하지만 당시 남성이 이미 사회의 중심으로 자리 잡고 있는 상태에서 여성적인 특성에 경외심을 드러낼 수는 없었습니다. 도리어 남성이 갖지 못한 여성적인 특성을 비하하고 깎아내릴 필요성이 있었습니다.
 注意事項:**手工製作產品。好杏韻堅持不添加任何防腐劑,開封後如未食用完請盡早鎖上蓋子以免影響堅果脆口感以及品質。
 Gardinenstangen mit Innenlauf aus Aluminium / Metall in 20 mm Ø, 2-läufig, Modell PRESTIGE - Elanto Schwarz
○ ○ ○ ○
[TASK ITEM]:
Reproduce the full listing above, keeping every line intact.

[SOLUTION TO THIS TASK]:
하지만 당시 남성이 이미 사회의 중심으로 자리 잡고 있는 상태에서 여성적인 특성에 경외심을 드러낼 수는 없었습니다. 도리어 남성이 갖지 못한 여성적인 특성을 비하하고 깎아내릴 필요성이 있었습니다.
 注意事項:**手工製作產品。好杏韻堅持不添加任何防腐劑,開封後如未食用完請盡早鎖上蓋子以免影響堅果脆口感以及品質。
 Gardinenstangen mit Innenlauf aus Aluminium / Metall in 20 mm Ø, 2-läufig, Modell PRESTIGE - Elanto Schwarz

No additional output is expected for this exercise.